WARNING: Work in progress

Introduction

The widespread use of encryption means that network packet content is often opaque. Systems, subsystems, equipment and applications generate a lot of useful log data that can be used to provide the desired visibility, and generally enrich packet data.

attachment:trb_screenshot.png

Although there are many data analytics tools available, some are expensive and all require learning yet another tool. Wireshark has powerful features, such as filter and search, that would be very useful in the analysis of log data, particularly for engineers who are already familiar with Wireshark.
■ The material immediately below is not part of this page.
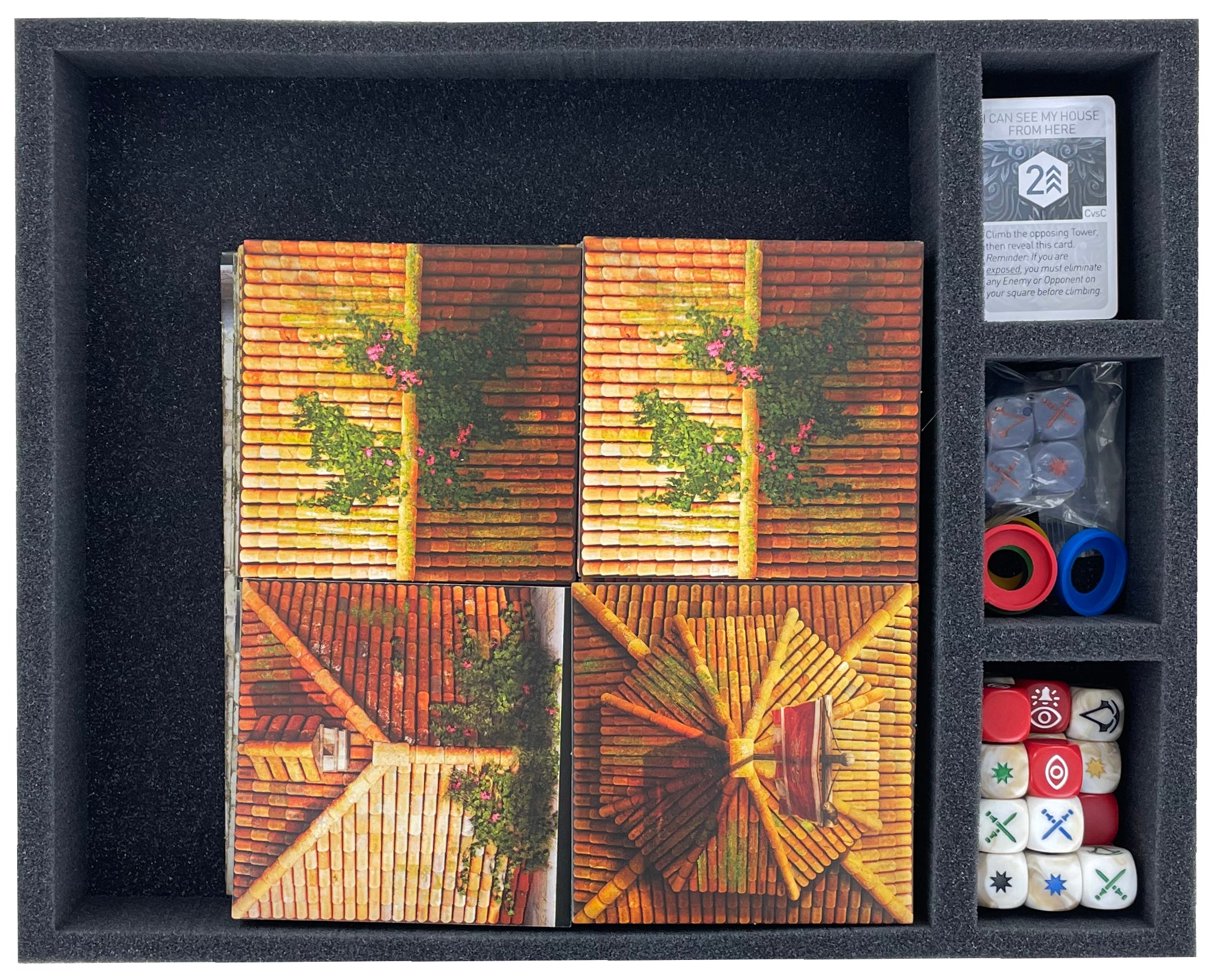 The set offers space for the extra content from the Master Assassin's Pledge of the Kickstarter campaign. For the core game and all unlocked Stretch Goals, we offer a matching foam set with Organizer suitable for the original core game box (CV02Set).

This page proposes Wireshark support for the analysis of text-based log data carried in PCAP-NG files.

Objective

The objective of the project is to add Wireshark support for the display, filtering, etc. of text log data (machine data). The data is presented to Wireshark in a PCAP-NG file that contains two new block types:

There is no proprietary content here, and the block formats are documented so that any suitable tool can be used to convert log data into pcapng format. It may possible to add support to the Wiretap library to directly read log files.

Test PCAP-NG Generation

The Babel function of TribeLab Workbench has been extended to convert log file data into TRBs and TDBs. Babel produces the PCAP-NG file like this:

    log_file -----------------------------------> TRBs
                           ^
                           |
    apache-common.xml -----+--------------------> TDB

An XML file describes the format of the log file. The XML is used to generate the TDB, and some elements of it are used to help parse the log records to form TRBs.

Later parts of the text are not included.